▶ TASK PROMPT
After finding "Mit der Rangierhilfe" in the data, write out its line and all following lines without change, up to and including the last one. Leave out pictures.

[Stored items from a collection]
- Opening Delimiter -
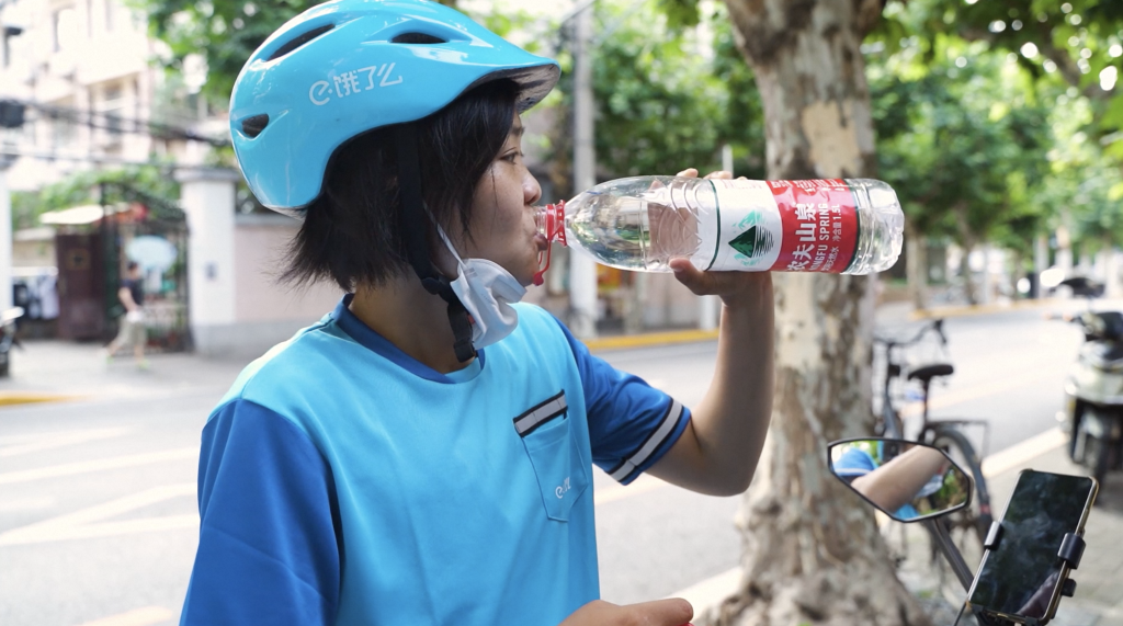“90后”骑手戴颖喝水防暑。(新华社发)
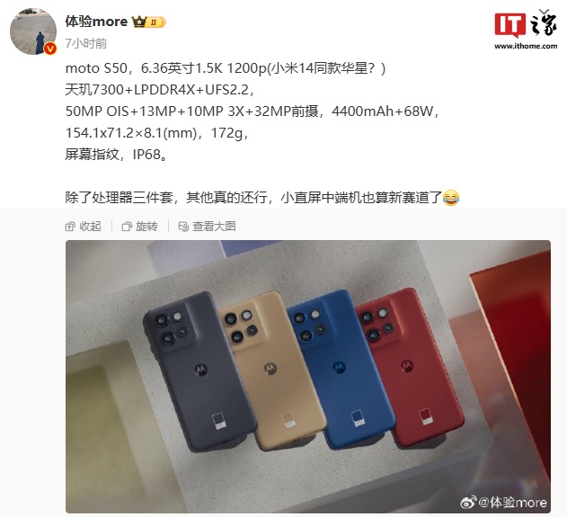 IT之家 8 月 24 日消息,联想摩托罗拉 moto S50 手机已官宣即将上市,今日博主 @体验more 曝光了这款新机的主要参数。
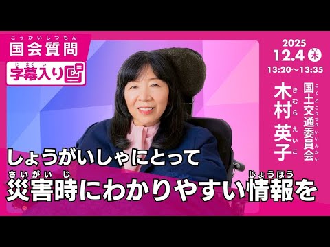 【字幕入り】「しょうがいしゃにとって 災害時にわかりやすい情報を」木村英子 参議院 国土交通委員会 気象業務法及び水防法改正案質疑(2025年12月4日)
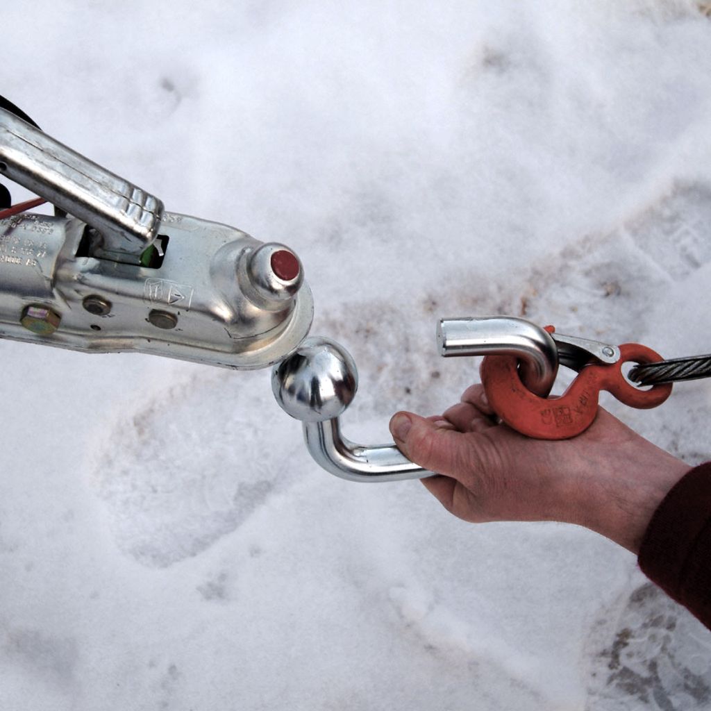 Mit der Rangierhilfe und einem Abschleppseil als Verbindung zwischen Zugfahrzeug und Anhänger wird es ermöglicht, das Zugfahrzeug auf festen Untergrund zu stellen und somit den Anhänger zu bergen. Die Rangierhilfe ist nicht zum Abschleppen im öffentlichen Straßenverkehr zugelassen. Kugel: ø 50 mm. Material: Stahl, verzinkt. Maximal zulässige Zuglast: 1,0 t.
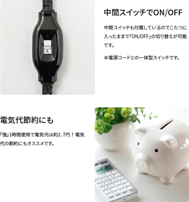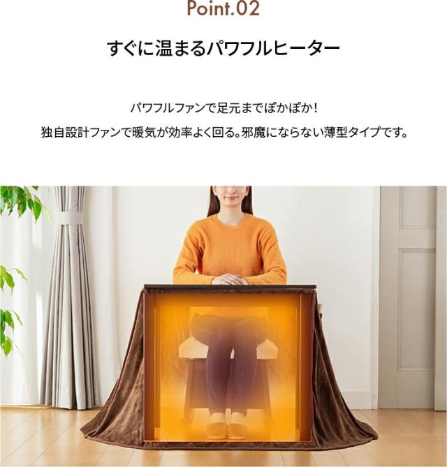 こたつ本体はすぐに温まるパワフルヒーターを搭載。独自設計のファンで暖気が効率よく回ります。さらに薄型ヒーターで膝上の邪魔になりません。
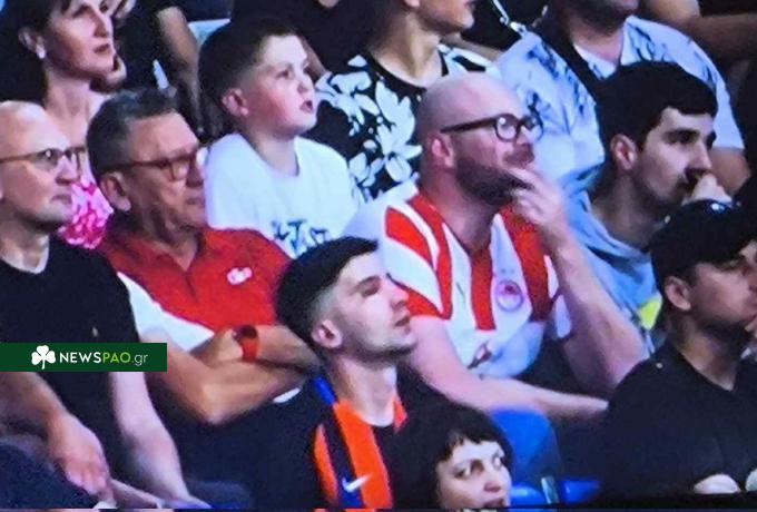 Μέσα στο πλήθος των θεατών ξεχώρισε μια ιδιαίτερη εικόνα: ένας φίλαθλος παρακολουθούσε την αναμέτρηση φορώντας φανέλα του Ολυμπιακού. Έτσι, έγινε μάρτυρας του αποκλεισμού της Σαχτάρ από τον Παναθηναϊκό, φορώντας μάλιστα τα χρώματα του «αιώνιου αντιπάλου» των «πρασίνων».
- Closing Delimiter -
▶ SOLUTION
 Mit der Rangierhilfe und einem Abschleppseil als Verbindung zwischen Zugfahrzeug und Anhänger wird es ermöglicht, das Zugfahrzeug auf festen Untergrund zu stellen und somit den Anhänger zu bergen. Die Rangierhilfe ist nicht zum Abschleppen im öffentlichen Straßenverkehr zugelassen. Kugel: ø 50 mm. Material: Stahl, verzinkt. Maximal zulässige Zuglast: 1,0 t.
 こたつ本体はすぐに温まるパワフルヒーターを搭載。独自設計のファンで暖気が効率よく回ります。さらに薄型ヒーターで膝上の邪魔になりません。
 Μέσα στο πλήθος των θεατών ξεχώρισε μια ιδιαίτερη εικόνα: ένας φίλαθλος παρακολουθούσε την αναμέτρηση φορώντας φανέλα του Ολυμπιακού. Έτσι, έγινε μάρτυρας του αποκλεισμού της Σαχτάρ από τον Παναθηναϊκό, φορώντας μάλιστα τα χρώματα του «αιώνιου αντιπάλου» των «πρασίνων».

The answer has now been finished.